GOI Revises 2006 Budget Assumptions
-----------------------------------
4. On June 22, Parliament's Special Budget Committee and
Minister of Finance Sri Mulyani Indrawati agreed on a
revised set of macroeconomic budget assumptions for 2006.
The budget assumptions influence the projected levels of
various revenue and expenditure items in the budget.
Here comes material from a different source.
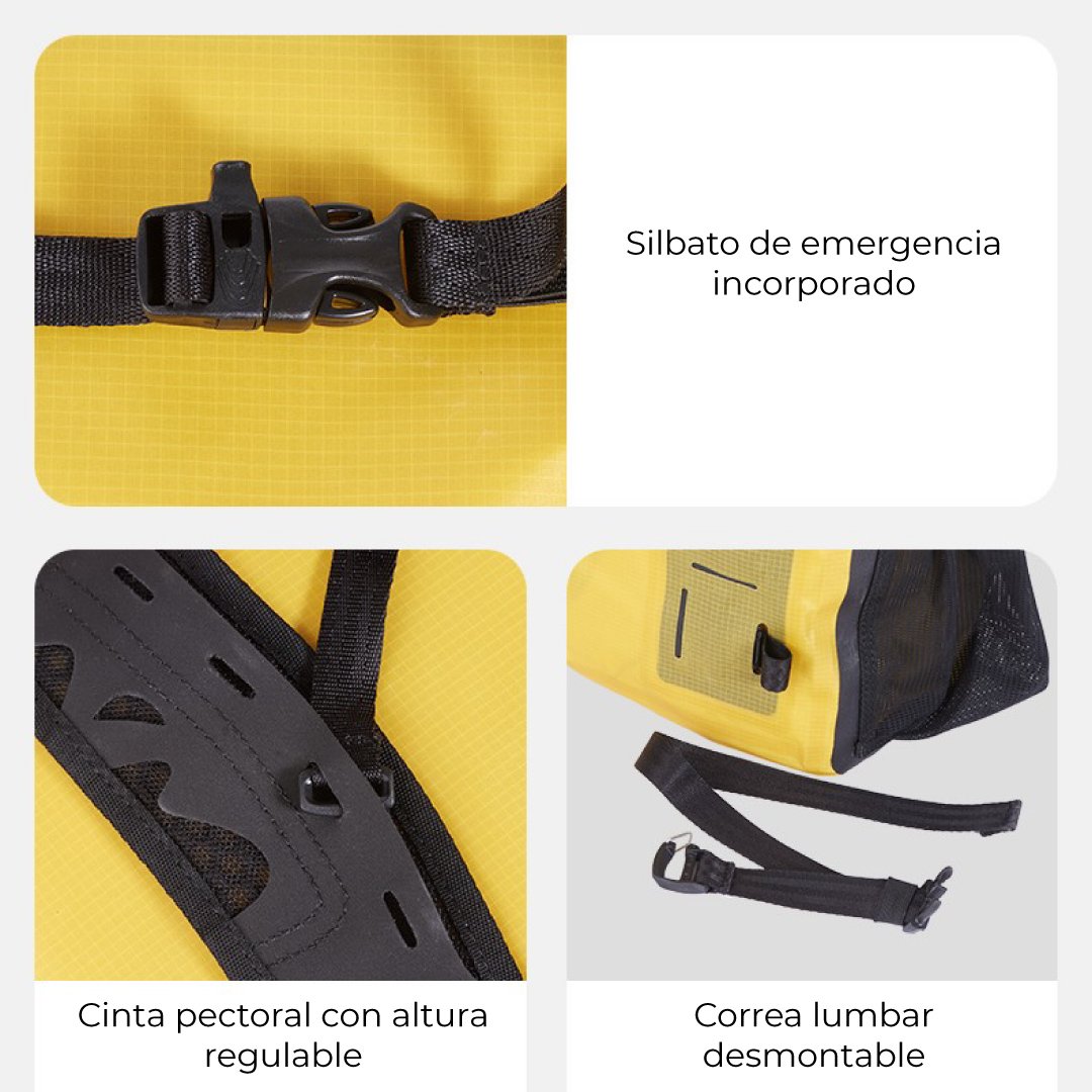 La mochila impermeable Far Mountain 25L de Naturehike es ideal para deportes acuáticos y viajes en zonas tropicales o lluviosas. Tiene un nivel de impermeabilidad de IPX6 y ha sido fabricada con un tejido altamente resistente y liviano. Cuenta con correas de pecho y cintura para darte mayor estabilidad y comodidad.

Parliament and the GOI have also agreed on a set of budget
assumptions for the draft 2007 budget that President
Yudhoyono will present to Parliament in August 2006. Table
2 outlines revised FY 2006 and preliminary FY 2007 budget
assumptions.
--------------------------------------------- ------
Table 2: 2006 Revised and 2007 Preliminary
Budget Assumptions
--------------------------------------------- ------
2006 2006 2007
Original Revised Preliminary
--------------------------------------------- ------
Budget deficit (1) 0.7 1.3-1.5 0.7-0.9
Oil Price (USD/Barrel) 57 62 57-65
BI Interest Rate (pct) 9.5 12 8.5-9.5
Exchange Rate (Rp/USD) 9,900 9,300 9,000-9,500
Inflation (pct) 8.0 8.0 6.0-8.0
GDP Growth (pct) 6.2 5.9 6.0-6.5
(1) Percent of GDP.
Source: Ministry of Finance
GOI Repays Half of IMF Standby Reserves Loan
--------------------------------------------
5. On June 22, the GOI informed the International Monetary
Fund (IMF) of its decision to advance repayment of
approximately half of its standby reserves loan under
Indonesia's Extended Fund Facility, or USD 3.7 billion. BI
made the USD 3.7 billion transfer to the IMF the following
week, accounting for most of the USD 4.6 billion decline in
Indonesia's gross FX reserves in June. At the end of the
month, reserves stood at USD 40.1 billion, down from USD
44.7 billion at the end of May. On June 15, Japan Bank for
International Cooperation (JBIC) agreed to waive its
condition that a USD 78 million loan from JBIC, due in 2010,
be linked to simultaneous repayment of the IMF.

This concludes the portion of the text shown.